The path argument is used to specify the location of the target to download within the source repository at url. path can specify any file or directory tracked by either Git or DVC (including paths inside tracked directories). Note that DVC-tracked targets must be found in a dvc.yaml or .dvc file of the repo.

⚠️ DVC repos should have a default DVC remote containing the target actual for this command to work. The only exception is for local repos, where DVC will try to copy the data from its cache first.

See dvc import-url to download and track data from other supported locations such as S3, SSH, HTTP, etc.

After running this command successfully, the imported data is placed in the current working directory (unless -o is used) with its original file name e.g. data.txt. An import stage (.dvc file) is also created in the same location, extending the name of the imported data e.g. data.txt.dvc – similar to having used dvc run to generate the data as a stage output.

.dvc files support references to data in an external DVC repository (hosted on a Git server). In such a .dvc file, the deps field specifies the remote url and data path, and the outs field contains the corresponding local path in the workspace. It records enough metadata about the imported data to enable DVC efficiently determining whether the local copy is out of date.

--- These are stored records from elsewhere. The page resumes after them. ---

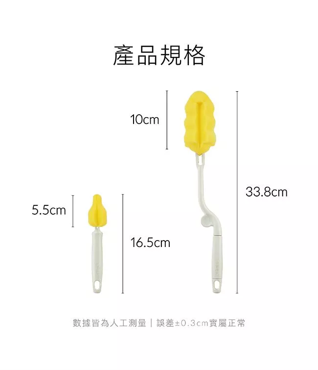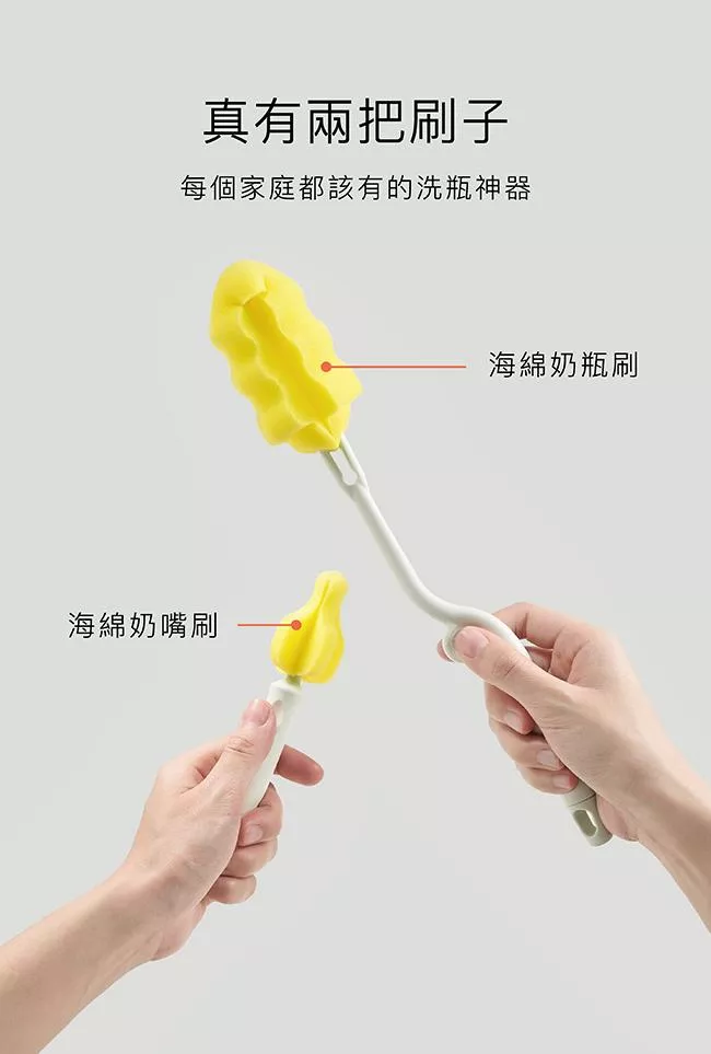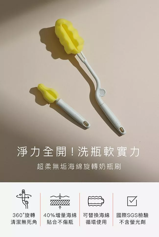 可搭配奶瓶清潔劑使用,深入瓶身360°旋轉刷洗,洗淨後懸掛於通風處晾乾。
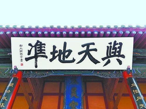 “與天地準”出自《周易·系辭傳上》。原句為:“易與天地準,故能彌綸天地之道”。準,意為等、等同(此依高亨解)。有學者或將“準”解釋為標準,或解釋為法則等,唯高解最貼原意;彌,意為遍,普遍;綸,意為絡,包絡。彌綸,意即普遍包絡。此句可釋為:《易》所闡述的“性命之理”是與天地運行的自然法則等同的,所以它能夠包容天地之間萬事萬物的運行規律。匾文“與天地準”,是贊頌伏羲首創的八卦,高度概括了天地萬物運行之規律,為人們認識世界、改造世界提供了思想武器。
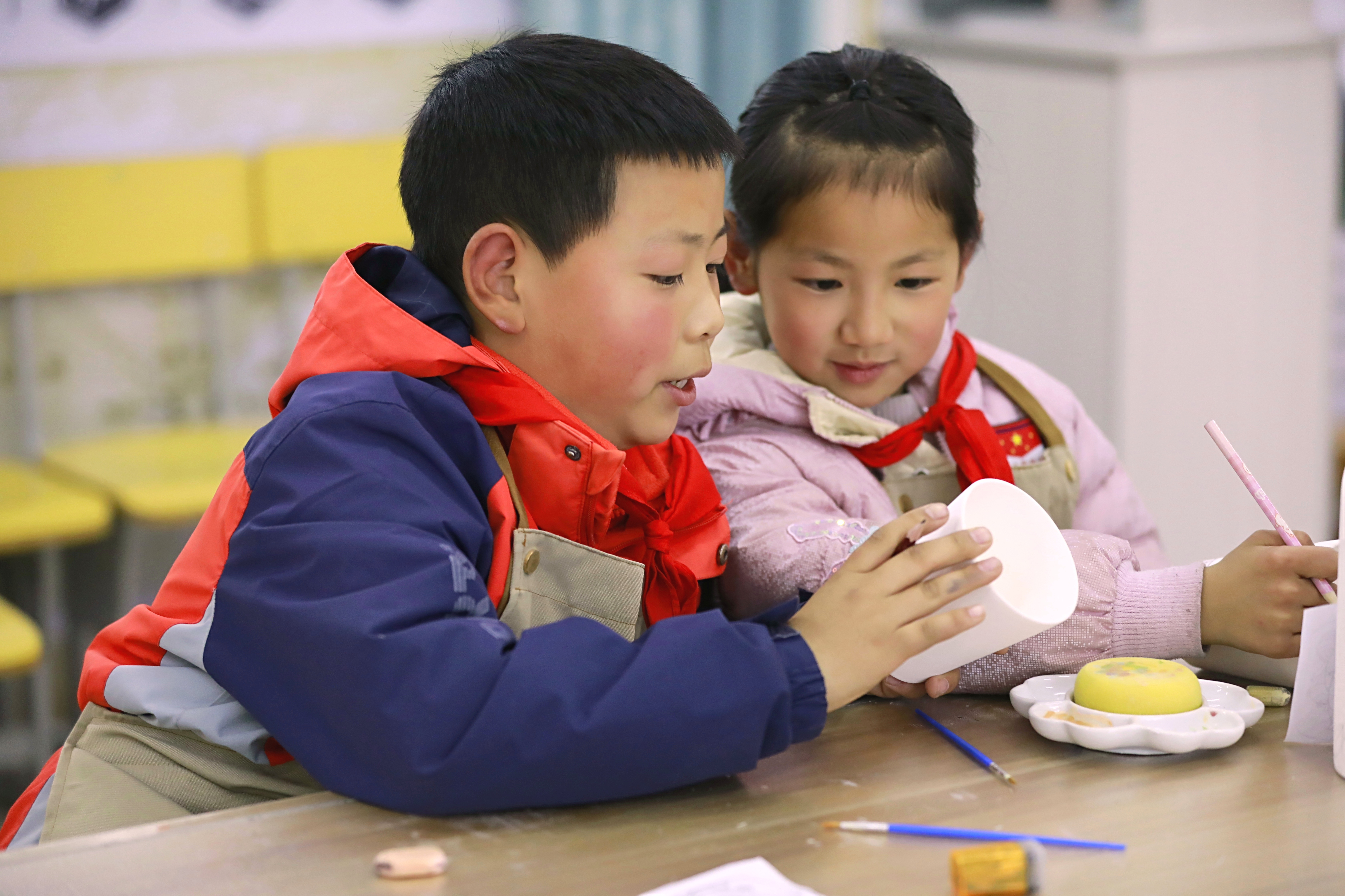 湖北省竹山縣寶豐鎮(zhèn)紅衛(wèi)小學(xué)陶藝工作坊里學(xué)習(xí)制淘、彩繪等技能。通訊員 朱本雙 熊兵 攝
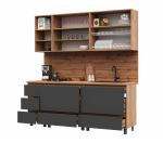 Недорогая кухня Хелен серого цвета с корпусом под дерево длиной 2 метра представляет собой готовый к монтажу комплект кухонной мебели. В стоимость кухонного гарнитура входит цельная столешница "Дуб вотан" толщиной 38 мм. В комплект входят 6 кухонных шкафов, три верхних и три нижних, размеры  секций 40, 80 и 80 см.
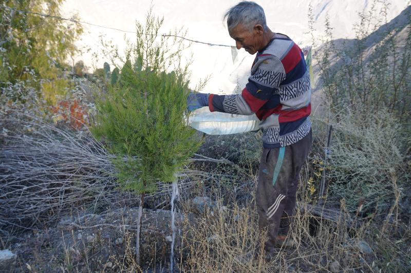 1950年出生在茂頂村木達(dá)水村民小組的丁爭(zhēng),小時(shí)候多次看到雨季村里洪水成災(zāi),泥石流橫行,山體滑坡的場(chǎng)景。那時(shí)經(jīng)濟(jì)落后,村民日子過(guò)得苦。丁爭(zhēng)隨母親去頭人家放牛,由于天氣炎熱,饑渴難耐,母親就摘一個(gè)頭人家蘋(píng)果充饑,被頭人關(guān)了3天3夜。1957年,迪慶發(fā)展迎來(lái)新曙光,丁爭(zhēng)家分到了田、牲畜、果樹(shù),當(dāng)家做主人,從此過(guò)上了新生活。2007年,丁爭(zhēng)兒孫滿堂,家務(wù)事不用操心,他就想植樹(shù)造林、保護(hù)生態(tài),防止山洪暴發(fā)和水土流失,造福子孫后代。于是,他拿著家里的鎬、盆,踏上植樹(shù)造林的漫漫長(zhǎng)路。 在植樹(shù)造林的初期,丁爭(zhēng)老人靠自家的舊桶舊盆給樹(shù)苗澆水。隨著旭龍電站、忠態(tài)水庫(kù)等項(xiàng)目進(jìn)場(chǎng)施工,丁爭(zhēng)老人就撿拾一些舊水管、舊鐵絲,把水引到離幼苗最近的地方,以便澆水。用廢棄的鐵絲把樹(shù)苗固定好,以免風(fēng)吹雨打樹(shù)苗飄搖致根系斷裂,影響生長(zhǎng)。起初由于管理經(jīng)驗(yàn)不足,澆水困難,1年種100棵樹(shù)苗,成活僅幾棵,但他沒(méi)有退縮,沒(méi)有喪失信心,查找成活率不高的原因,采取相應(yīng)的改進(jìn)措施,逐年提高了樹(shù)苗成活率。
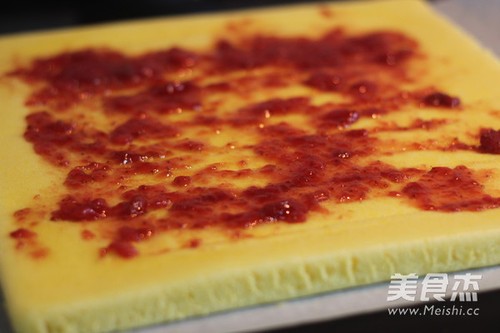 步骤10、用刀切出几条痕迹,抹上草莓酱
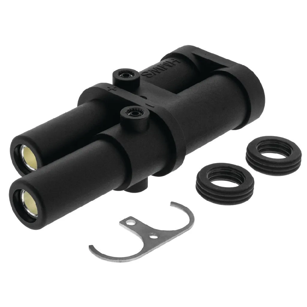 Heavy duty high capacity Jump-Start Connectors for vehicles and equipment. Ideal for use where access to terminals is restricted or dangerous. Eliminates chance of cross polarity connections through the specially shaped plug. Reduces chance of sparking and possible ignition of flammable materials. Kit contains terminal bracket and cap.
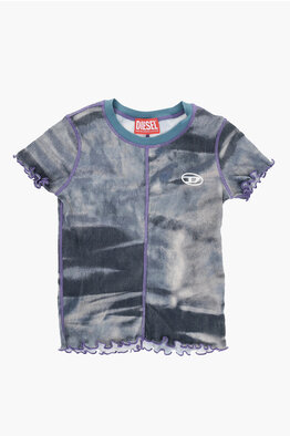 Acid-Wash Effect Ribbed TWAIN Crew-neck T-Shirt
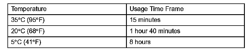 HINT: After cutting off the tip, use all adhesive within the time written in the table.
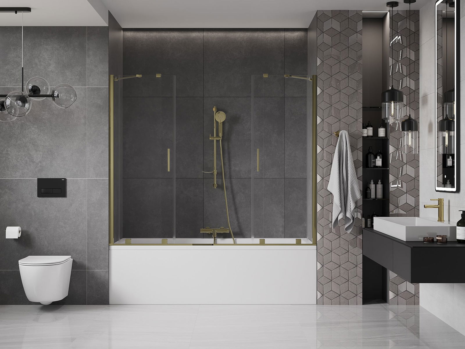 Mexen Velar Duo 2-wing Sliding Bath Screen 190 x 150 cm, Transparent, Gold - 896-190-000-02-50
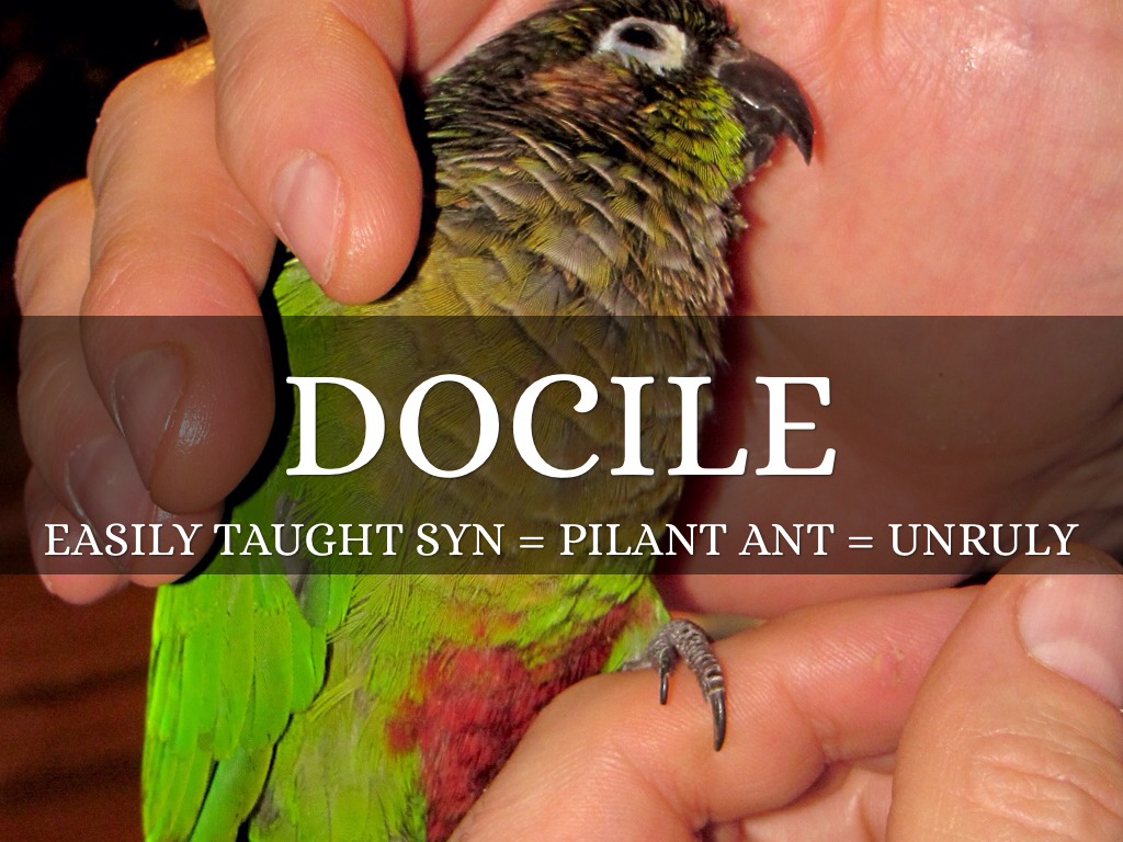 EASILY TAUGHT SYN = PILANT ANT = UNRULY
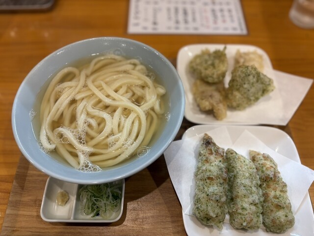 大好きなうどん店。もう何度お邪魔したか分かりませんが、本日は休日出勤前のランチで再訪しました。実は先日インスタノーチェックで訪れイベント参加休店の憂き目に(笑)本日はチェックしてお邪魔しました。本日の小麦はナンブキラリとのこと。独特のノドごしと香りが高いレベルで調和していたように思いました。添えの生姜がお出汁の旨みをさらに引き立てます。トッピングはいつもかしわ天とちくわ天ですが、共に極めて高いレベルです。かしわのモモはプレーン、ムネは磯辺にしておられます。当店のうどん&お出汁には食感の良いムネと磯辺の香りがピッタリとは思いつつも、モモはモモで絶品なのです。ムネ→うどん→ダシ→モモ→ちくわ→うどん→ダシのコンビネーションで気絶しそうになりました。ホントうまい。。価格は徐々にインフレの影響を受けていますが、未来に残るべき庶民派のお店として頑張って欲しいです。ごちそうさまでした。
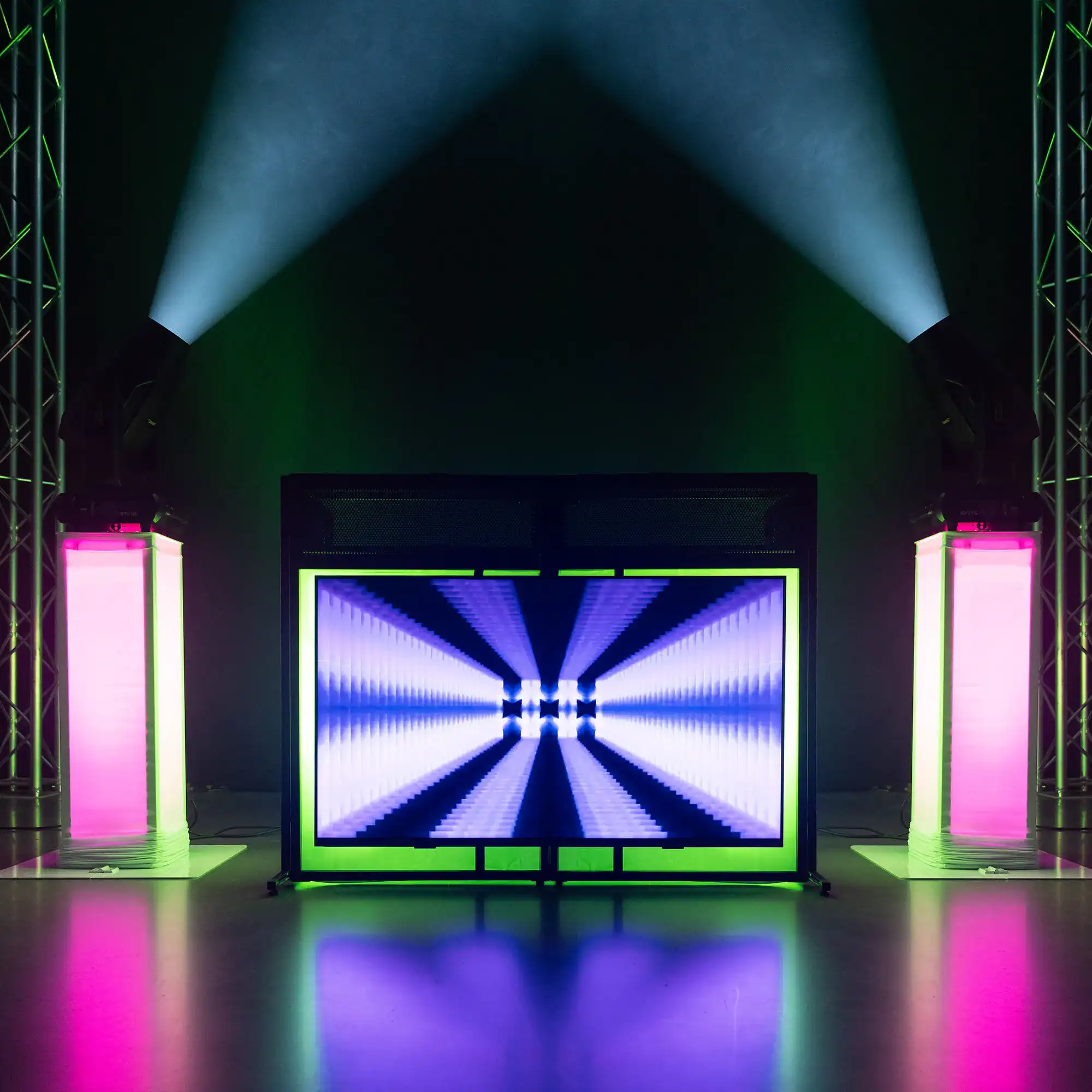 Wat de Vonyx DB6 onderscheidt van standaard DJ booths, is het bijgeleverde 65 inch tv-scherm. Dit scherm is perfect geïntegreerd in de frontplaat van de booth en zorgt voor een enorme visuele impact. Je kunt het scherm gebruiken om je logo, visuals, animaties, songteksten of zelfs livebeelden te tonen. Hierdoor voeg je niet alleen entertainment toe, maar ook branding en sfeer aan je optreden.
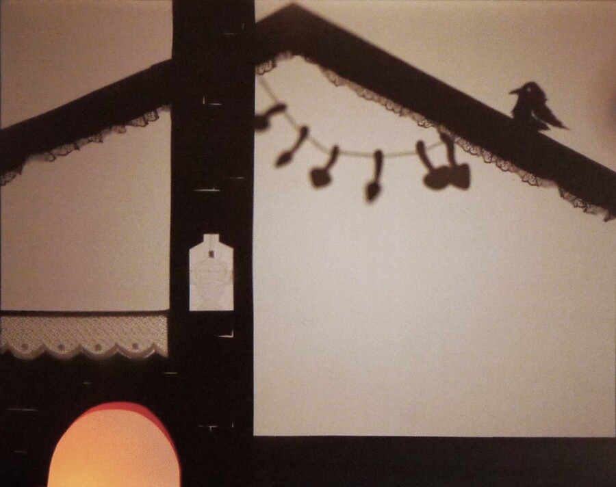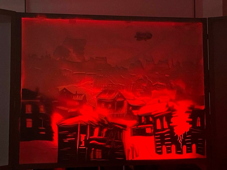 Решили выполнить сцену как триптих: центральная часть — главная, самая большая, и две боковых, на которых изображается комментарий или дополнение к основному действию. На центральную часть действие проецировалось из-за экрана. Для изображения на боковых створках мы использовали кодоскопы.
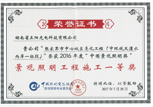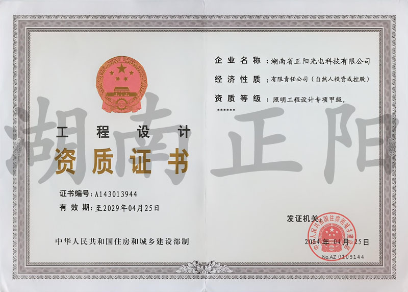 湖南省正陽光電科技有限公司是一家從事亮化工程及大型燈光藝術的設計、制作、安裝和維護于一體的專業化公司。公司資質齊全、管理嚴謹、技術先進、實力雄厚,取得了城市及道路照明工程專業承包壹級資質、照明工程設計專項甲級資質、機電工程施工總承包貳級資質、施工勞務等資質,榮獲“重質量·守誠信”示范企業。
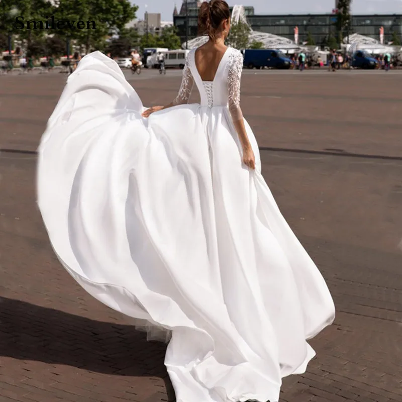 Женское атласное платье Smileven, элегантное мусульманское свадебное платье с рукавом 34 и объемным цветком, с закрытой спиной, 2021
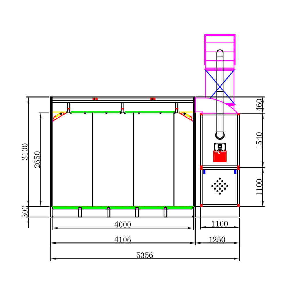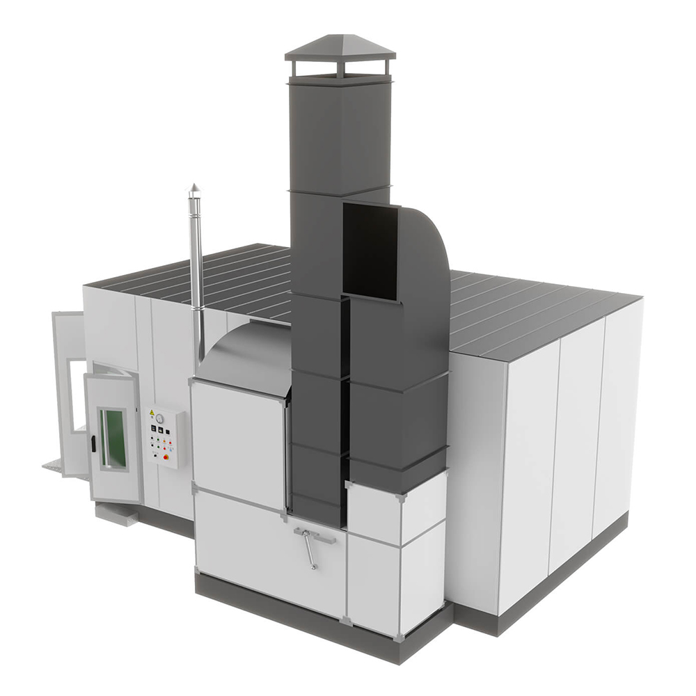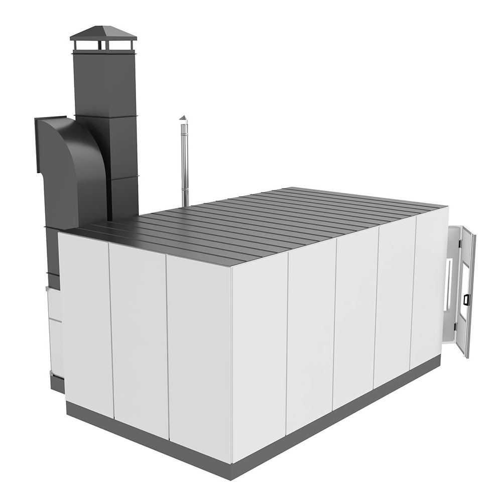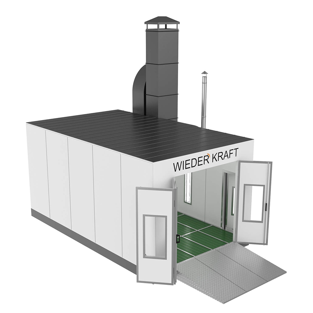WDK-210 - окрасочно-сушильная камера с дизельной горелкой Riello и приточно-вытяжным тепловентиляционным агрегатом. Используется для сушки лакокрасочных покрытий и организации технологических процессов окраски. Боковые стены состоят из сэндвич-панелей (негорючий пенополистирол толщиной 53 мм) и являются теплоизоляционными. Визуальный контроль позволяют осуществить 3-х створчатые ворота со встроенными смотровыми окнами. Можно установить дополнительный комплект ворот с целью организации сквозного проезда. Установить приточно-вытяжную группу с любой стороны в процессе монтажа позволяет унифицированная конструкция.

⚠️ DVC won't push or pull imported data to/from remote storage, it will rely on it's original source.

To actually version the data, git add (and git commit) the import stage.

Note that import stages are considered always frozen, meaning that if you run dvc repro, they won't be updated. Use dvc update to update the downloaded data artifact from the source repo.

Also note that chained imports (importing data that was imported into the source repo at url) are not supported.

Options

  • -o <path>, --out <path> - specify a path to the desired location in the workspace to place the downloaded file or directory (instead of using the current working directory). Directories specified in the path must already exist, otherwise this command will fail.
  • --file <filename> - specify a path and/or file name for the .dvc file created by this command (e.g. --file stages/stage.dvc). This overrides the default file name: <file>.dvc, where <file> is the desired file name of the imported data (out).
  • --rev <commit> - commit hash, branch or tag name, etc. (any Git revision) of the repository to download the file or directory from. The latest commit in master (tip of the default branch) is used by default when this option is not specified.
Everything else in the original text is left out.